“In una chiesa dove si celebra regolarmente non si possono fare comizi dall’altare. Nemmeno la Democrazia Cristiana lo faceva, anche perché non ne aveva bisogno dato che a volte erano proprio i preti a dare chiare indicazioni di voto durante l’omelia”. Monsignor Antonino Raspanti, vicepresidente della Conferenza Episcopale Italiana per il Sud e vescovo di Acireale, a ilfattoquotidiano.it si dice molto “stupito” per il comizio che Matteo Renzi ha tenuto dall’altare della Basilica della SS. Annunziata di Paestum. Il parroco, don Johnny Kaitharath, e il vescovo di Vallo della Lucania, monsignor Ciro Miniero, hanno dichiarato di essere stati all’oscuro di tutto. Lo stesso presule, contattato da ilfattoquotidiano.it, si è limitato a ribadire di “non avere niente da aggiungere”.
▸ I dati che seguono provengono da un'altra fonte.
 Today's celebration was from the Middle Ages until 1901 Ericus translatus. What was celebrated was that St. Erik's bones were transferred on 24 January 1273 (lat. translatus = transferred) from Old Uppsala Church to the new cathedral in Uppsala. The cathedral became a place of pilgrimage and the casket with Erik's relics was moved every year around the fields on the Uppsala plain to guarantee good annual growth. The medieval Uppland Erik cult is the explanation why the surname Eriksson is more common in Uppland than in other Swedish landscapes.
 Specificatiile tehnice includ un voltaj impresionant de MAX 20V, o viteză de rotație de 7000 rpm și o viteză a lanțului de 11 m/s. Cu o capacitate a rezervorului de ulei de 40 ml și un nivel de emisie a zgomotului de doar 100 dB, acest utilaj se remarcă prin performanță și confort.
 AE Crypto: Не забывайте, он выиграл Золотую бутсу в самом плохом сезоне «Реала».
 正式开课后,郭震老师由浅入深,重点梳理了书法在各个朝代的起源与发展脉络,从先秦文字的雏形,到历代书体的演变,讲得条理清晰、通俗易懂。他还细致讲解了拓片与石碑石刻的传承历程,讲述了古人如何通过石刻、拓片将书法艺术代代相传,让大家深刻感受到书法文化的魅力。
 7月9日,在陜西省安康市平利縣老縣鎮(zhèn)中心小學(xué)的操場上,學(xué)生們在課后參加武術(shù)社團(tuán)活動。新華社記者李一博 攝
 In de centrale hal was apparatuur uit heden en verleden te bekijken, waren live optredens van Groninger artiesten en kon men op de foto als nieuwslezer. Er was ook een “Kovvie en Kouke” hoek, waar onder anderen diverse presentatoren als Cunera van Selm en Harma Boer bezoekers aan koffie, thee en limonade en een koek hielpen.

Monsignor Raspanti, invece, ha sottolineato di “non comprendere come Renzi si sia convinto ad andare a fare un comizio dall’altare. Mi sembra tutto molto strano. Si tratta di un’iniziativa quanto meno sopra le righe. Sicuramente la vicenda è scappata di mano. Comprendiamo tutti con un po’ di buon senso che il comizio di un eminente segretario di partito in un luogo di culto non è opportuno”.
Per il presule, però, non bisogna bollare in modo negativo tutte le occasioni di confronto, anche politico. “Si potrebbe, invece, immaginare – precisa il vicepresidente della Cei – un incontro in un altro spazio della chiesa, per esempio il salone parrocchiale, visto anche che non siamo ancora in campagna elettorale. Oggi talvolta accade che nel teatrino parrocchiale il politico di turno chieda di poter incontrare i cittadini. La prassi è differenziata: c’è chi lo concede a chiunque lo chieda e chi invece lo nega. Generalmente sarebbe sempre meglio non farlo in campagna elettorale”.
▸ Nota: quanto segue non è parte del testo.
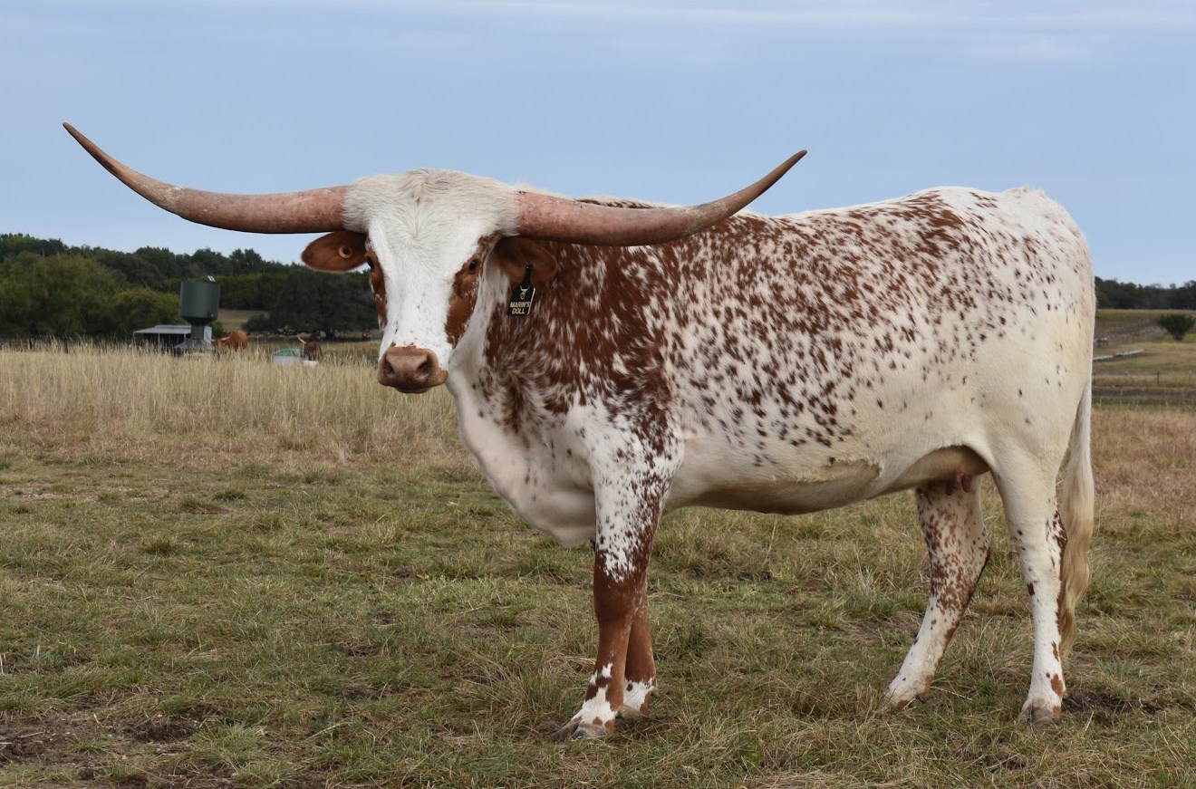 Bux Marin’s Doll is a true testament to perseverance and quality breeding. Born an orphaned calf out of TJ Bux, this remarkable young female overcame early challenges with the help of a dedicated nurse cow — and she’s been turning heads ever since. Her determination paid off in the show ring: she placed 2nd in her large class at Legends 2024 and went on to win 1st place at HSC 2024. Those achievements highlight both her strong conformation and her show-quality presence. Built solid and well-balanced, Marin’s Doll carries an elite pedigree featuring Hubbells 20 Gauge, Gun Slinger, ZD Kelly, and Concealed Weapon — a powerhouse genetic combination known for exceptional horn growth, structure, and temperament.

“Io stesso – prosegue Raspanti – l’anno scorso ad Acireale, sotto il periodo natalizio, ho organizzato un confronto tra un esponente politico vicino al Partito Democratico e un parlamentare europeo del Movimento 5 Stelle su un libro su Giorgio La Pira scritto da un giovane della mia diocesi. Cinque anni fa, invece, per l’elezione del presidente della Regione Sicilia la mia diocesi organizzò un confronto invitando tutti i candidati. Non ne venne nessuno, ma ciascuno mandò un proprio rappresentante e al dibattito partecipò una marea di gente. Così come, sempre ad Acireale, a casa mia, in episcopio, ho organizzato un incontro con tutti gli aspiranti sindaci, tutti i parroci e i giornalisti. E sono stati proprio i preti a porre ai candidati le domande sui problemi della città”.
Per il presule, dunque, “a certe condizioni credo sia anche opportuno organizzare questi incontri più che fare campagna elettorale. La diocesi e le parrocchie sono un luogo neutrale per confrontarsi con chi sceglie di scendere nell’agone politico, ma ciò è auspicabile che avvenga senza far litigare i contendenti. L’obiettivo è quello di ascoltarsi reciprocamente senza lasciarsi andare alla propaganda”.
Al vicepresidente della Cei fa eco l’arcivescovo Giovanni Ricchiuti, presidente nazionale di Pax Christi e vescovo di Altamura-Gravina-Acquaviva della Fonti. “Nella nostra diocesi – spiega il presule – quando ci sono le elezioni amministrative è l’ufficio per i problemi sociali e il lavoro a organizzare un incontro con i candidati sindaci nei locali della curia. Tutti hanno così la possibilità di esprimersi sul loro programma, ma anche di rispondere ai temi proposti dalla dottrina sociale della Chiesa: lavoro, ambiente, beni culturali, assistenza ai disabili e agli anziani. Mai nessuna iniziativa di partito può essere ospitata in una chiesa. La domanda che mi pongo e alla quale non so rispondere è una sola: come mai questo parroco di Paestum ha consentito questo tipo di iniziativa?”. Una domanda alla quale nessuno ha ancora dato una risposta.